In Italia la laurea resta solo un "pezzo di carta". Ad arrivarci è 1 giovane su 5 che poi però resta senza lavoro. Come segnala il portale Skuola.net, il divario con i laureati degli altri Paesi che restano a casa è tanto, più di 10 punti percentuali. Meglio avvantaggiarsi iniziando a lavorare il prima possibile? Assolutamente no. In Italia solo il 5% dei giovani lavora mentre è ancora sui libri. È quanto emerge dall'ultimo rapporto intermedio Ocse, Education at Glance.
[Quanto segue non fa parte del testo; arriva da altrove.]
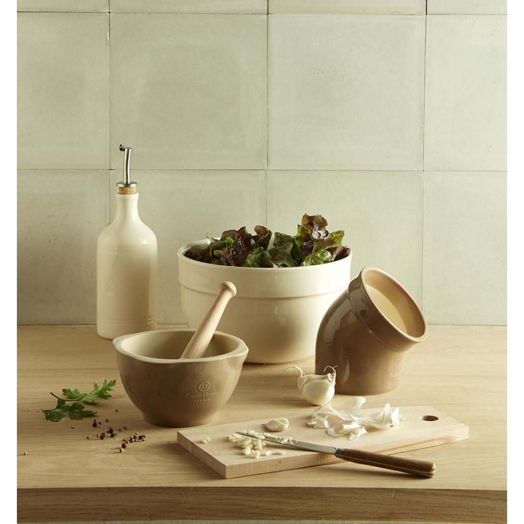 Keramický hmoždíř a palička ze dřeva s keramickou hlavou. Vnitřní speciální glazura zajišťuje, aby ingredience z hmoždíře nevyšplouchly ven. Je pachově a chuťově neutrální. Hmoždíř je neocenitelný pomocník při výrobě marinád, kořenících směsí či omáček.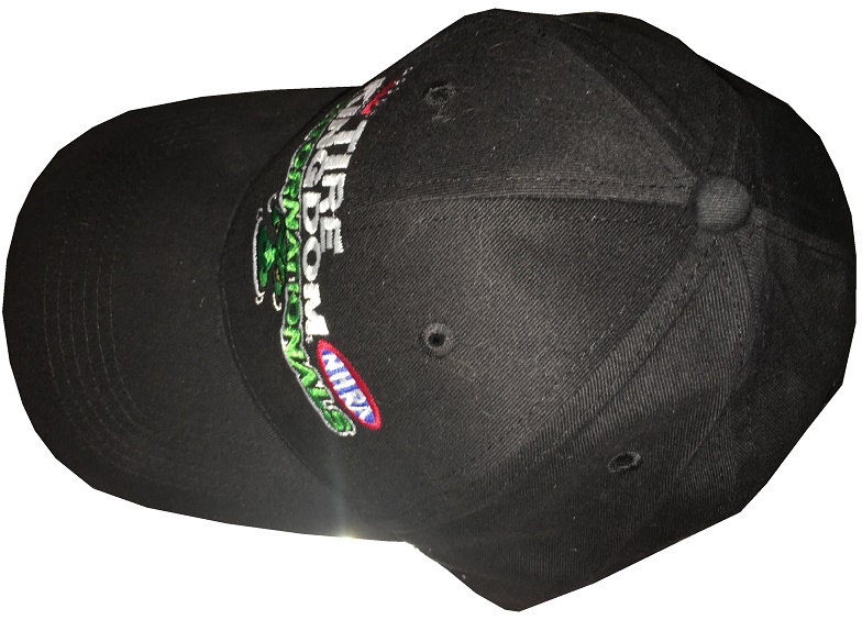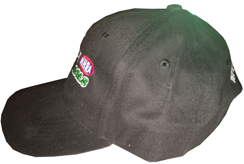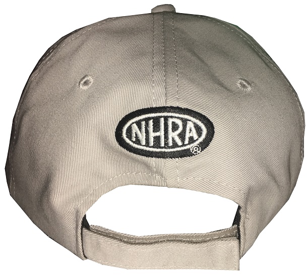 The back of the cap has an NHRA embroidered logo. Unlike more recent victory lane caps, the event location is not on the Velcro strap.

QUANDO LA LAUREA NON SERVE A NIENTE - Aumentano i giovani che riescono a laurearsi facendo retrocedere quelli in possesso del solo titolo superiore, ma non in Italia. Qui ce la fa solo 1 studente su 5 che poi ha il 16% di probabilità di non trovare lavoro. Una percentuale davvero preoccupante se si considera che la media Ocse di giovani disoccupati dopo la laurea non supera il 5.3%. Ma un primato ce l'abbiamo, anche se non è positivo. È quello della presenza di Neet, i famosi Not in Education, Employment or Training. Di coloro che non fanno niente, insomma, e che in Italia hanno tra i 15 e i 29 anni e arrivano a toccare il 30%. Un primato in cui non siamo soli. A farci compagnia ci sono Grecia e Spagna, mentre la Turchia ci supera di 6 punti percentuali registrando comunque un calo rispetto agli ultimi anni.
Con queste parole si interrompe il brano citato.